The seaman gave a toothless whistle, and I swallowed. Fifty ducats was a fortune! Where the hell was I supposed to get that money? Signor Cristoforo must be mad! Then, in a horrid instant, I knew; but the thought bathed me in a sweat of terror. My mother had a coffer of gold ducats in her chamber—I had seen it only this morning as I had searched for her masks. Madonna. Then I straightened up. Only one thing could make me go back in that room, and that was Brother Guido. I’d do it if I must. The sailors continued their bargaining, as if I wasn’t there.
“When?”
“Tomorrow night. First night of Carnevale.”
Bonaccorso Nivola considered, then jerked his head in my direction. “Her mum know she’s going?”
A tiny pause from Signor Cristoforo. “No. It’s a matter of the heart.”
This was true enough—I’d laid all before my tutor and he knew that I fled for love.

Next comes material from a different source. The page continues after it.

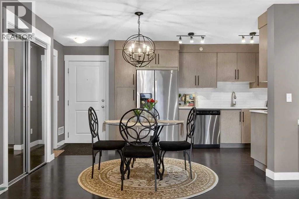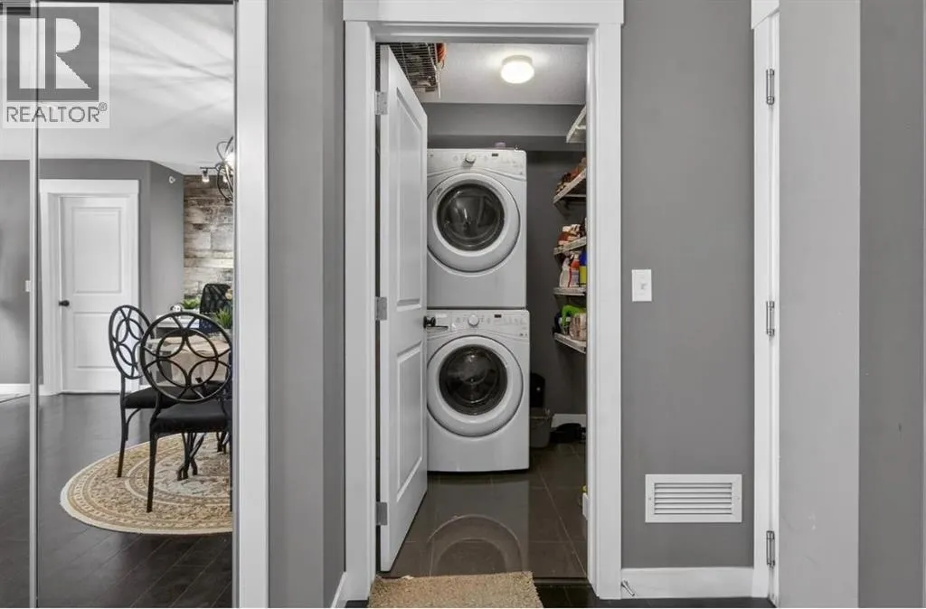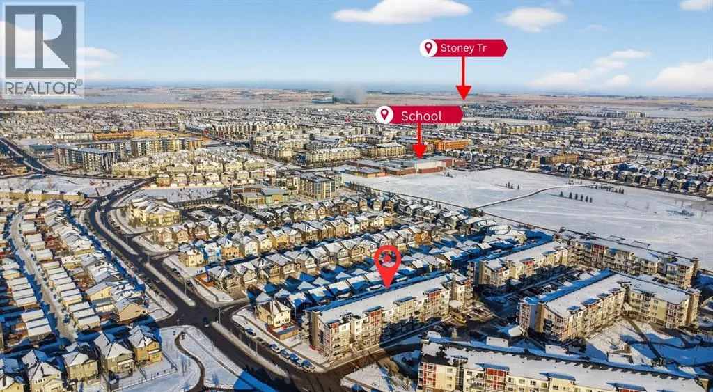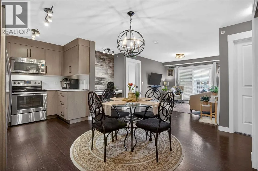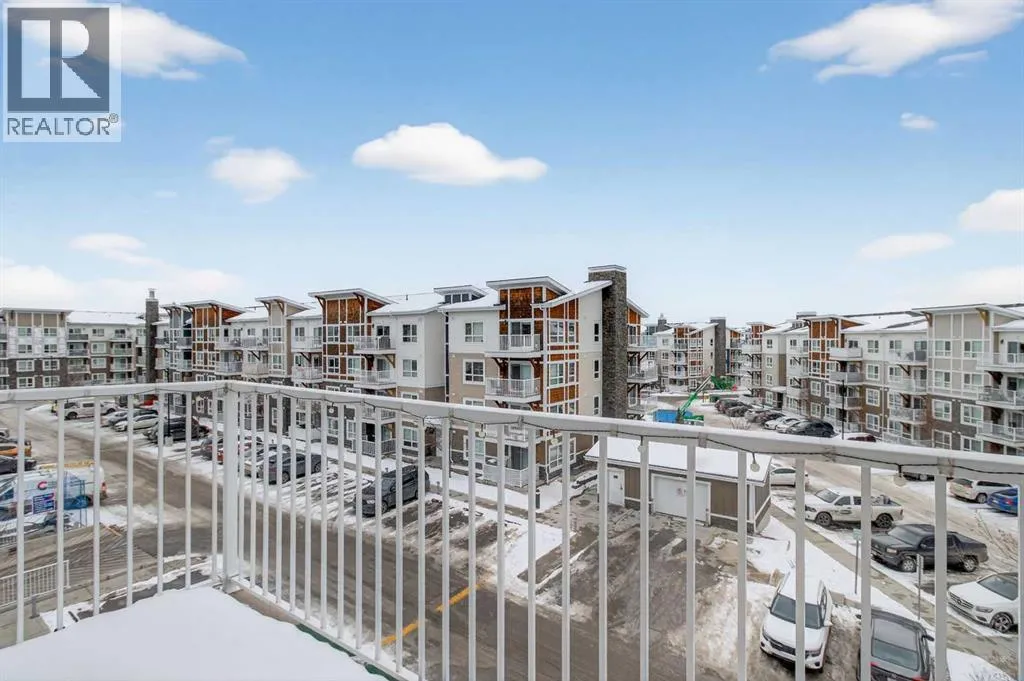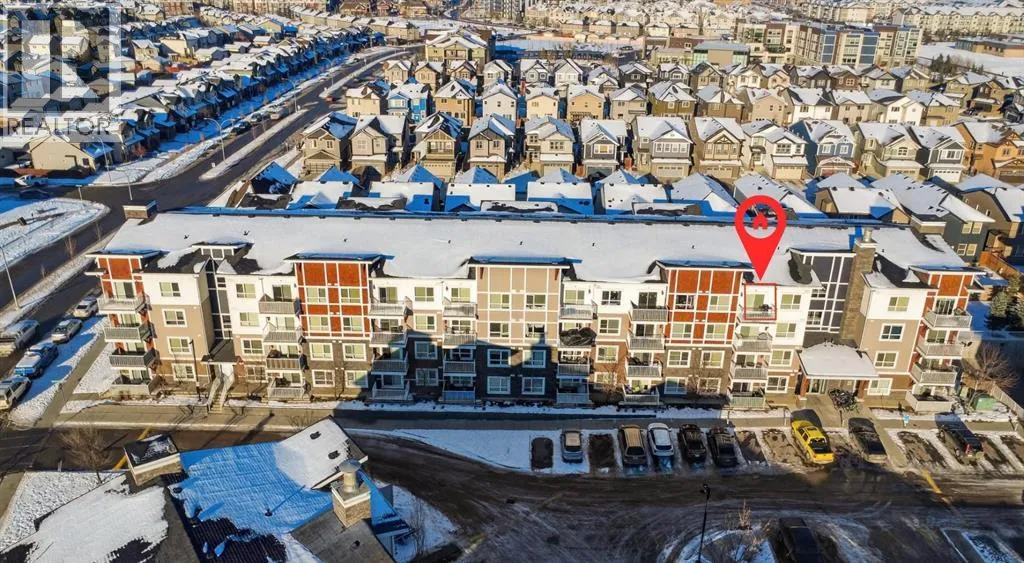 Some homes simply resonate the moment you step inside. This thoughtfully curated 2 â bedroom, 2âbathroom topâfloor unit in Skyview Ranch blends style and substance effortlessly, with every room crafted for comfort, natural light, and connection. Morning sunshine streams through the patio doors, bathing the open-concept living area in a gentle glow. From the living room, sliding glass doors usher you onto a generous balcony overlooking the mountains, where you can savor outdoor meals all summer long. The spacious kitchen, framed with full-height cabinetry and refined finishes, feels both grounded and welcoming, including quartz countertops, stainless steel appliances, in-suite laundry, cork flooring, and carpet. A modern light fixture anchors the dining area, perfectly centering your dining table. A built-in desk area is nestled between the dining and living rooms, offering a convenient place for remote work or school assignments. Both bedrooms are ample and finished with luxurious carpeting. The primary bedroom boasts a walk-through closet that opens into a private 4-piece ensuite with a tub/shower combo. The second large bedroom on the far side of the unit is served by an adjacent 4-piece bath. The in-suite laundry is a welcome convenience and provides sufficient storage. This condo also includes the convenience of a titled underground parking stall, along with an additional storage locker located in front of the stall, perfect for seasonal items. As a resident of Skyview Ranch, youâll enjoy an unbeatable lifestyle with access to schools, shopping, restaurants, parks, and excellent transportation routes, making commuting easy. With quick access to Stoney Trail, Deerfoot Trail, CrossIron Mills, Amazon shipping depot, and The Airport. Youâll be well-connected to go anywhere you want to explore. Schedule your showing today! (id:27476)
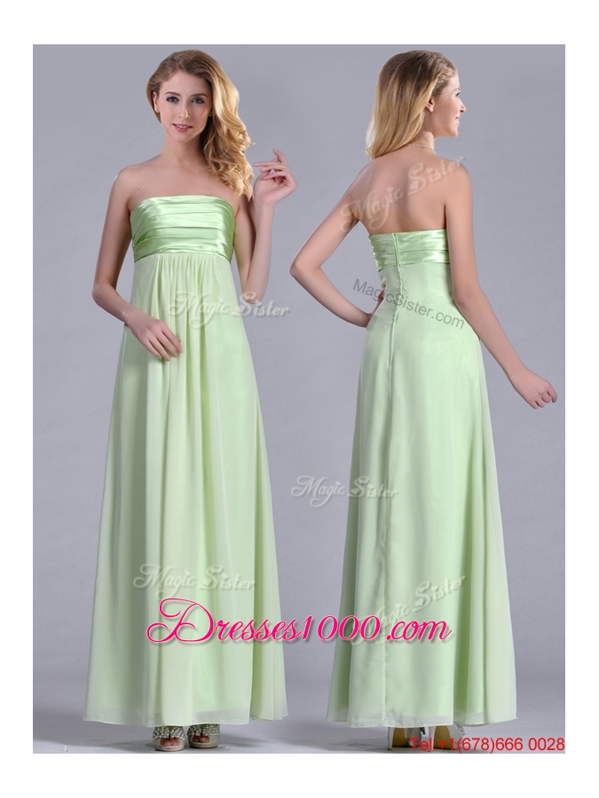 Latest Strapless Yellow Green Chiffon Dama Dress in Ankle Length

Bonaccorso caught on quick. “One way then?”
“Yes.”
The sailor was silent.
“It’s risky, I won’t lie to you,” admitted my tutor. “But then you can retire.”
Bonaccorso sucked in his gums, the air whistling through his lack of teeth.
“What the hell,” he said, then addressed me directly for the first time. “Be on the San Zaccharia pier at midnight tomorrow. Bring the gold in a lace kerchief. I’ll be on the rope barge. I’ll stop for a moment, no more. You ask me if I’ve ever been to Burano to see the lacemakers. Got it?”
I nodded, mute with terror and triumph.
“Till tomorrow then.” And he was gone into the crowd as quickly as he had come. I felt faint and elated at once. It was done. I was committed. Tomorrow, I would be gone.
My tutor and I hurried back to the palace as fast as we could and parted at the staircase without a word. Both too frightened and agitated to give note to the fact this would be our last meeting. I knew I would not see him again, and I could not speak lest I give myself away, but I hoped that as I hurried away he might know that I would not forget him, and that he knew how much I owed Signor Cristoforo of Genoa.